Maxim Stefanov

Dec 18 2019

Tags:

#Java

Apache Hadoop code quality: production vs test

Dec 18 2019

Author: Maxim Stefanov

About the project
About the check
Production code
Test code
Conclusion

In order to get high quality production code, it's not enough just to ensure maximum coverage with tests. No doubts, great results require the main project code and tests to work efficiently together. Therefore, tests have to be paid as much attention as the main code. A decent test is a key success factor, as it will catch regression in production. Let's take a look at PVS-Studio static analyzer warnings to see the importance of the fact that errors in tests are no worse than the ones in production. Today's focus: Apache Hadoop.

About the project

Those who were formerly interested in Big Data have probably heard or even worked with the Apache Hadoop project. In a nutshell, Hadoop is a framework that can be used as a basis for building Big Data systems and working with them.

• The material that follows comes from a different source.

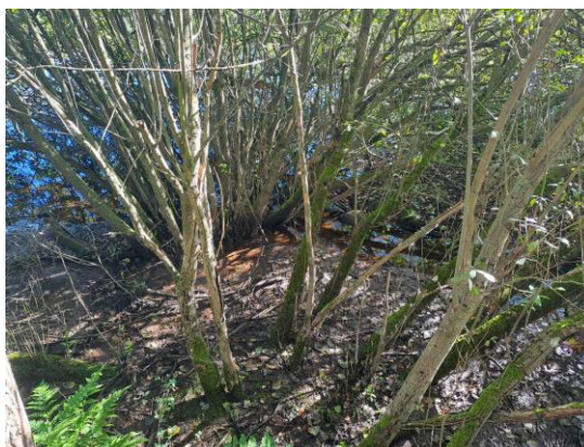
Figur 2: Træ i udløbet fra søen til drængrøft

Hadoop consists of four main modules, each of them performs a specific task required for a big data analytics system:

Hadoop Common
MapReduce
Hadoop Distributed File System
YARN

Anyway, there are plenty of materials about it on the Internet.

About the check

As shown in the documentation, PVS-Studio can be integrated in the project in a variety of ways:

Using the maven plugin;
Using the gradle plugin;
Using the gradle IntellJ IDEA;
Directly using the analyzer.

Hadoop is based on the maven build system, therefore, there were no obstacles with the check.

After I integrated the script from the documentation and edited one of the pom.xml files (there were modules in dependencies that were not available), the analysis started!

After the analysis was completed, I chose the most interesting warnings and noticed that I had the same number of warnings in production code and in tests. Normally, I don't consider analyzer warnings, given for tests. But when I divided them, I couldn't leave 'tests' warnings unattended. "Why not take a look at them?"- I thought, because bugs in tests might also have adverse consequences. They can lead to incorrect or partial testing, or even to mishmash (they exist just to check the box, that they are always green).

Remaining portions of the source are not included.